Por outro lado, a questão do estigma talvez se explique melhor pela própria contraposição do migrante com grupos com quem alterna condições desiguais. Segundo Goffman (1993), quanto mais discrepante for a diferença entre duas identidades, mais acentuados podem ser os elementos que determinam o estigma de uma ou prestígio da outra. O autor acrescenta que, tornam-se estigmatizados aqueles que são incongruentes com um certo projeto ou estereótipo sobre como deve ser determinada espécie de indivíduos. E quanto mais visível a diferença entre o real e os atributos determinantes do social, mais se acentua a problemática do sujeito regido pela força do controle social e, assim, quanto mais visual, quanto mais acentuada e recortada a diferença, mais estigmatizante.

Portanto, nos contextos de destino do migrante, este, ao se ver contraposto a um “outro”, sobre o qual recaem símbolos de prestígio como cidadão de país desenvolvido,

passa a ser o diferente, alguém que demonstra pertencer a uma categoria com atributos incomuns. Essa discrepância é prejudicial para sua identidade social. Como bem observa Goffman (1993), de modo geral, o diferente assume uma posição isolada da sociedade ou de si mesmo e passa a ser uma pessoa estigmatizada. Sentindo-se sem espaço e sem voz, o indivíduo não pode ser nomeado e se reconhece como “um nada” nas relações com o outro, conforme se definiu Renato no exemplo 80 (linha 162), há algumas páginas atrás. Para os estigmatizados, a sociedade reduz oportunidades, esforços e movimentos, não atribui valor, impõe a perda da identidade social e determina uma auto-imagem desgastada, como a que sobressai nas análises empreendidas ao longo das várias seções analíticas.

Algumas considerações

Neste capítulo, procurei percorrer as múltiplas trilhas que me revelassem maiores detalhes sobre as relações sociais que cercam o migrante em sua jornada. Ao me propor a listar os atores a quem ele dá maior proeminência em seu discurso, procurei seguir as observações de De Fina (2000) e os dividi em dois grupos com base em seus laços de pertencimento ao segmento étnico brasileiro e os de fora dele. Dentro dessas classificações, os migrantes apresentam um rol de atores variados, como família, amigos, brasileiros em geral no exterior, oficiais de migração, estrangeiros membros do grupo majoritário dos países alvos e outras minorias étnicas.

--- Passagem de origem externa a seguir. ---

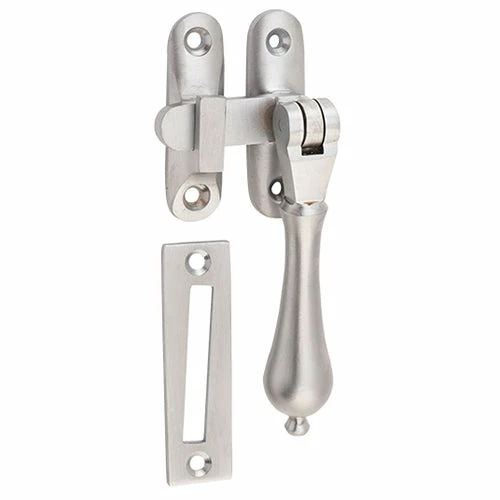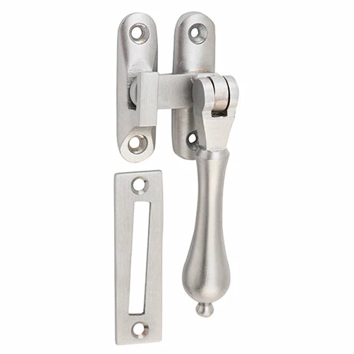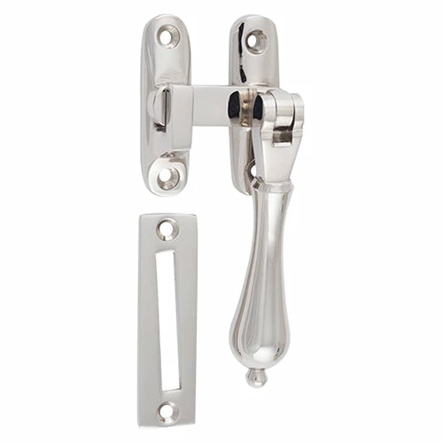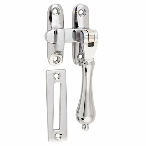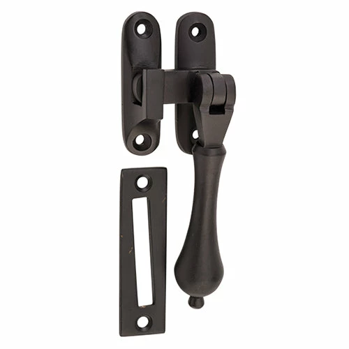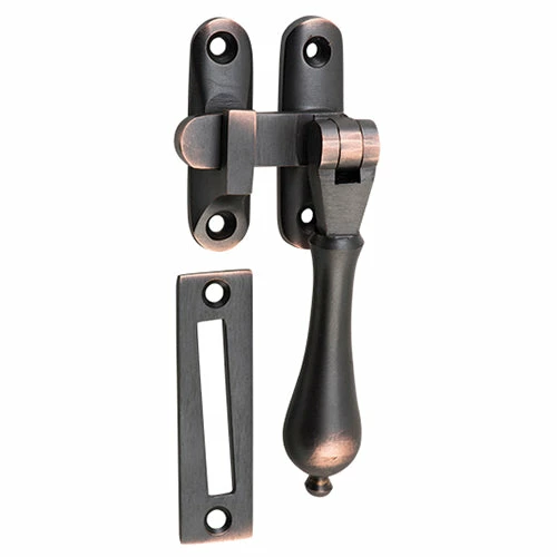 Solid brass teardrop casement fastener with extended tongue for long throw applications. Available in 10 finishes.

As análises empreendidas com o apoio do referencial teórico sobre transitividade (Halliday e Matthiessen, 2004) e representação de atores sociais (van Leeuwen, 1996) demonstraram os tipos de papéis e significados que desempenham esses atores em suas relações no mundo do migrante. Assim, foi possível identificar as tensões que permeiam

suas relações desde a decisão de ida pra o exterior, sua chegada, e principalmente na lida diária do trabalho, que se revelou um palco importante da sua representação.

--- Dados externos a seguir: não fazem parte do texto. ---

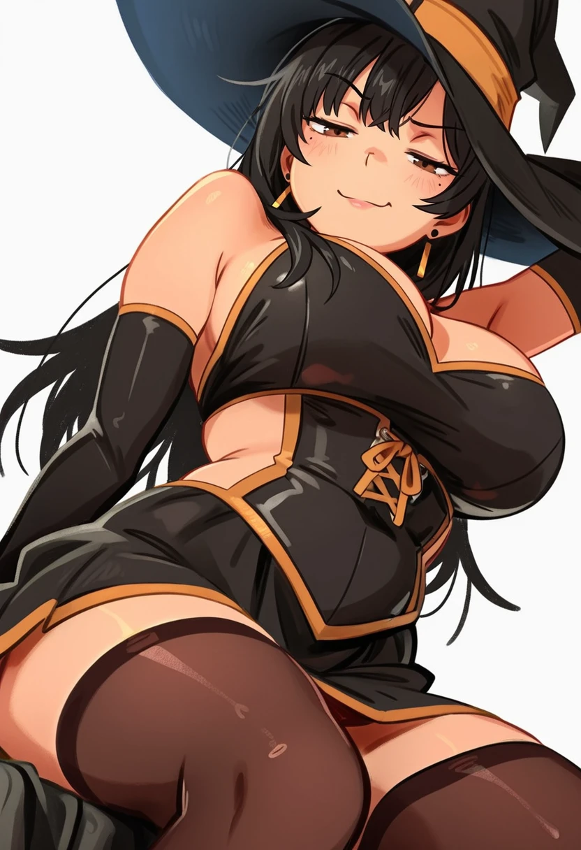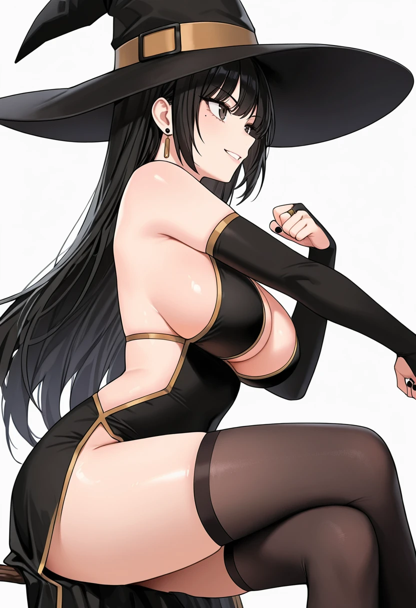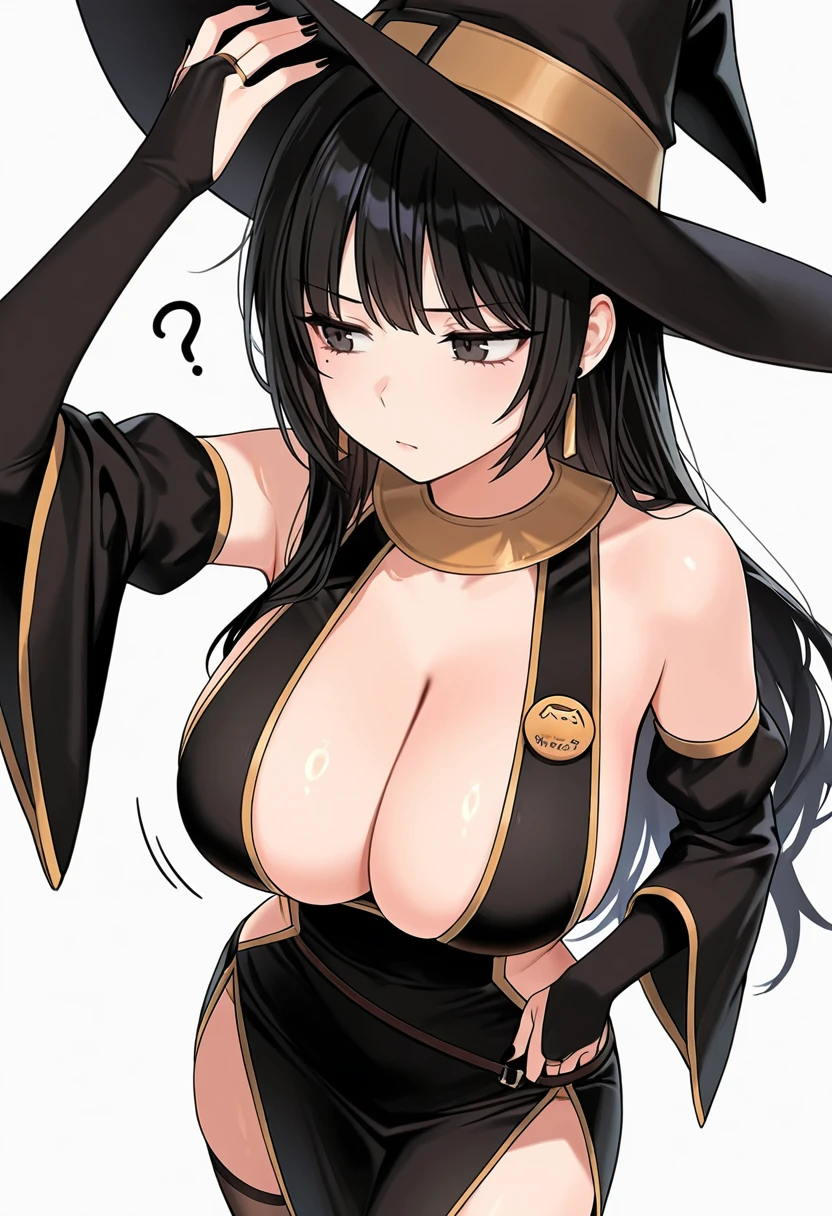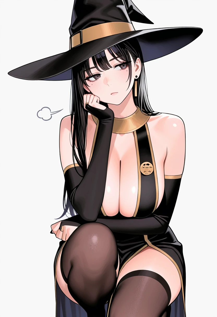 black dress, witch hat,black skirt, bridal gauntlets,elbow gloves, detached sleeves,black thighhighs,earrings,Explanation and notes below👇

Os diferentes papéis que os atores desempenham nessas relações, constroem significados que vão influenciar a própria construção simbólica do migrante. Nesse sentido, uma das maiores evidências do capítulo é a de que, embora o ato de migrar demande um investimento pessoal que requer muita disposição, coragem, capacidade de lidar com toda sorte de adversidades, tudo agravado pela incapacidade de se comunicar na língua local, a despeito de todas essas provações que o migrante vence, na sua auto- avaliação, ele não se representa de forma a realçar essa agência. Ao contrário, no seu discurso, ficam latentes uma série de estigmas que constroem sua identidade com conotações subalternas.

Em sua narrativa, o migrante não se projeta como um forte, ao contrário, muito embora, em certos momentos ele avalie a sua jornada com atributos que a enaltecem, como uma “epopéia”, “uma experiência grandiosa”, ele atribui ao seu personagem um papel relativamente modesto. Essa é uma das principais evidências que se expressaram neste capítulo sobre a representação dos atores, seus papéis e identidades. Uma vez empreendida mais essa fase de análise, encaminho-me, agora, à parte final da análise, na qual procuro aproximar respostas a questões de cunho avaliativo presentes nas histórias de migração.